- Opening Delimiter -
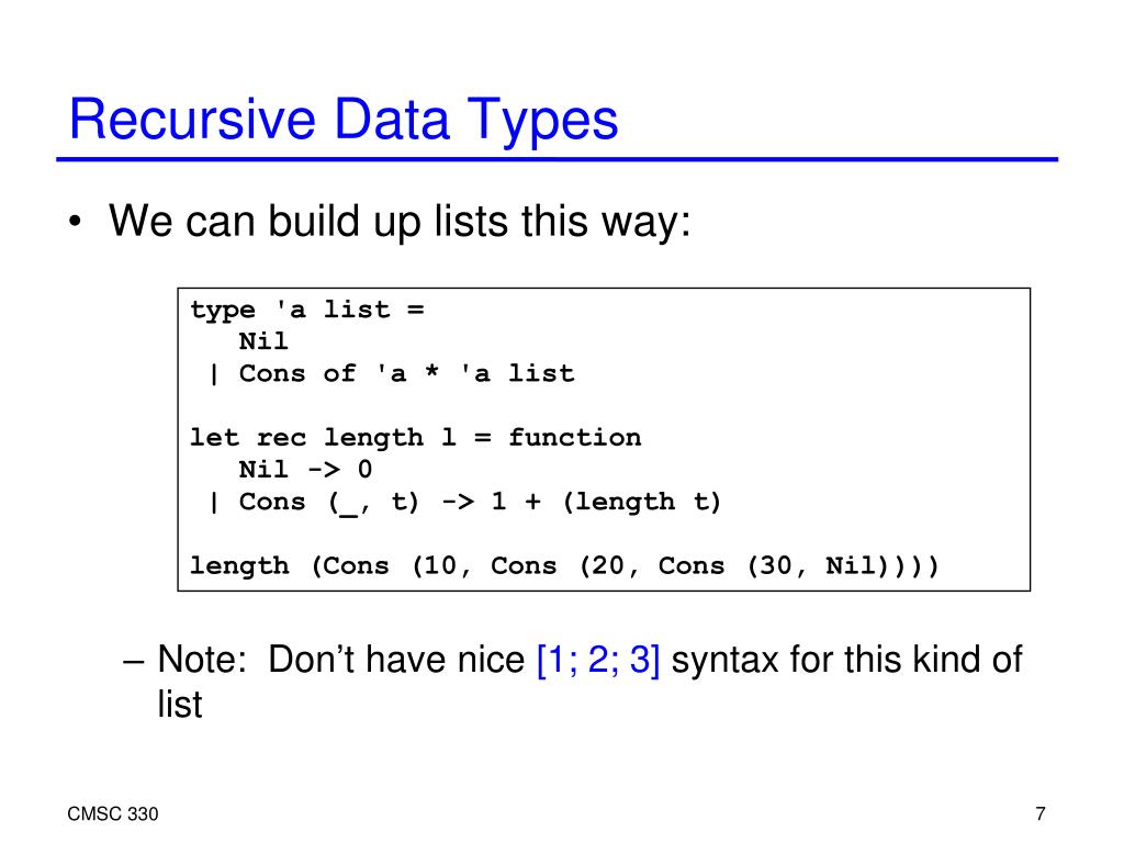 CMSC 330 Recursive Data Types We can build up lists this way: Note: Don’t have nice [1; 2; 3] syntax for this kind of list type 'a list = Nil | Cons of 'a * 'a list let rec length l = function Nil -> 0 | Cons (_, t) -> 1 + (length t) length (Cons (10, Cons (20, Cons (30, Nil))))
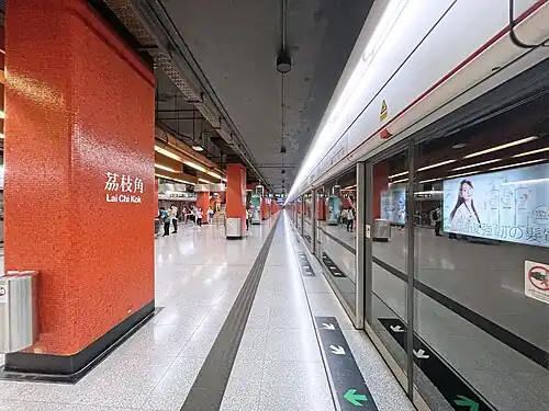 Lai Chi Kok (Chinese: 茘枝角) is an MTR station on the Tsuen Wan line. It is located under Cheung Sha Wan Road. It was opened on 17 May 1982. The station's lineage is Vermilion.
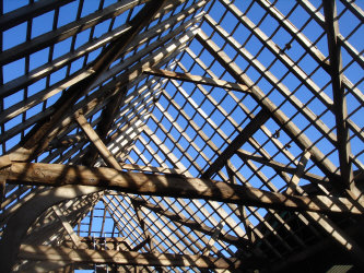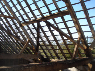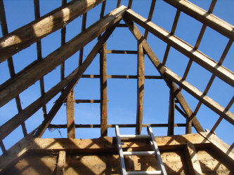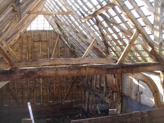 An attractive and unusual queen strut and collar three bay roof construction which features large wind braces. The wall posts are heavily jowelled and there are pleasingly curved arch braces. The roof structure is in excellent condition but some repairs and replacements are required to the wall structure. The lean-to is a later addition constructed in pine.
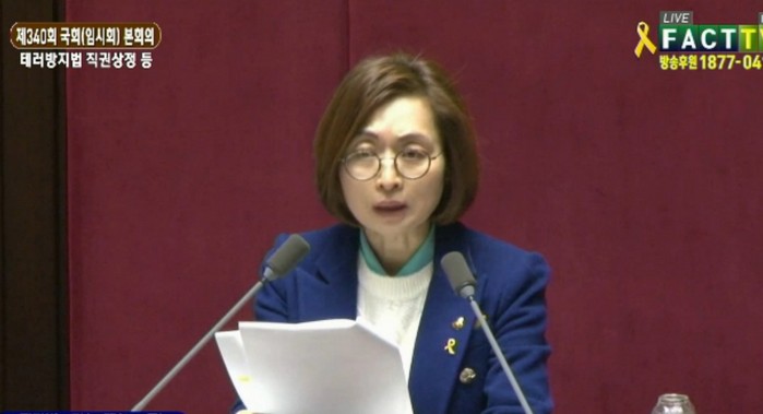 은 의원은 “테러행위를 방지하는 것은 항상 인권문제와 연결되기 때문에 깊이 있는 검토가 필요하다”며 “그럼에도 불구하고 지금 정부여당은 직권상정이라는 그런 조치 통해서 통과시키려하고 있다”고 지적했다.
- Closing Delimiter -
> WHAT YOU HAVE TO DO: Where a line contains "Lai Chi Kok", begin there and set down exactly each line through the end of the data above, omitting any pictures.

> SOLVED EXERCISE:
 Lai Chi Kok (Chinese: 茘枝角) is an MTR station on the Tsuen Wan line. It is located under Cheung Sha Wan Road. It was opened on 17 May 1982. The station's lineage is Vermilion.
 An attractive and unusual queen strut and collar three bay roof construction which features large wind braces. The wall posts are heavily jowelled and there are pleasingly curved arch braces. The roof structure is in excellent condition but some repairs and replacements are required to the wall structure. The lean-to is a later addition constructed in pine.
 은 의원은 “테러행위를 방지하는 것은 항상 인권문제와 연결되기 때문에 깊이 있는 검토가 필요하다”며 “그럼에도 불구하고 지금 정부여당은 직권상정이라는 그런 조치 통해서 통과시키려하고 있다”고 지적했다.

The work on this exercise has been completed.